We took the bus from Boston to DC Sunday night, ten minutes to midnight. We figured that we could save a night but still have the entire day by taking a night bus. The drive was supposed to take 10 hours, but after half an hour we had to turn back to Boston to drop up a man, who didn’t fell safe in his wheelchair, so the drive took almost 11 hours. We arrived at union Station in DC around 10.30 after not many hours of sleep, but regardless we headed for the hostel to drop off our luggage and the went to see all the monuments and memorials.

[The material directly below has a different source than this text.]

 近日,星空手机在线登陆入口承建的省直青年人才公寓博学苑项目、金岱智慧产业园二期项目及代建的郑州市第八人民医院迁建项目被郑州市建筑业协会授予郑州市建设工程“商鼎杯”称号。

DC is truly the city of memorials. We walked around the city for most of the day, getting to ten or more memorials, monuments and landmarks. Everything from the well-know like The White House, the Washington, Lincoln and Jefferson Memorial, to the more unknown memorials for Frank Roosevelt, Martin Luther King (who is BU alumni, by the way!) and the fallen in World War II. The weather was really perfect and felt almost summer-like for us, coming from Boston’s subzero degrees to DC’s 15 degrees Celsius.
The second day we went to the US Capitol on a rainy day. It was a really amazing experience – we took a tour around the building and went to both the House of Representatives and the Senate – the Senate was actually in session, when we went there, but it was only a few speeches, not much action. Everything from admission to the guided tours where free, which surprised me a little, but makes good sense, since the Congress should be available to everyone, regardless of income. I finally learned the American system of two champers (House and Senate), but I still don’t fully understand how the power is divided between the two, and how the President fits in to the picture. The system seems way too complex for the common man to understand.

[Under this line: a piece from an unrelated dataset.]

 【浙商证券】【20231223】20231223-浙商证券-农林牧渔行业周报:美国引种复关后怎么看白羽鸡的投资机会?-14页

The third (and last) day we went to a few museums, and then we wanted to go to the Arlington Cemetery, where many US Presidents rest and a lot of US soldiers. We took the subway to Pentagon – it was faster, and then we could see that as well – and tried walking to the cemetery from there. We got to a back entrance, but were told that it was restricted area, and we had to go around to the visitors’ entrance. We walked on coming to another entrance, which was also military only (most of the cemetery is military ground). Finally we gave up and ordered an Uber ride to take us to the right entrance, only to find out that the cemetery would close in a few minutes.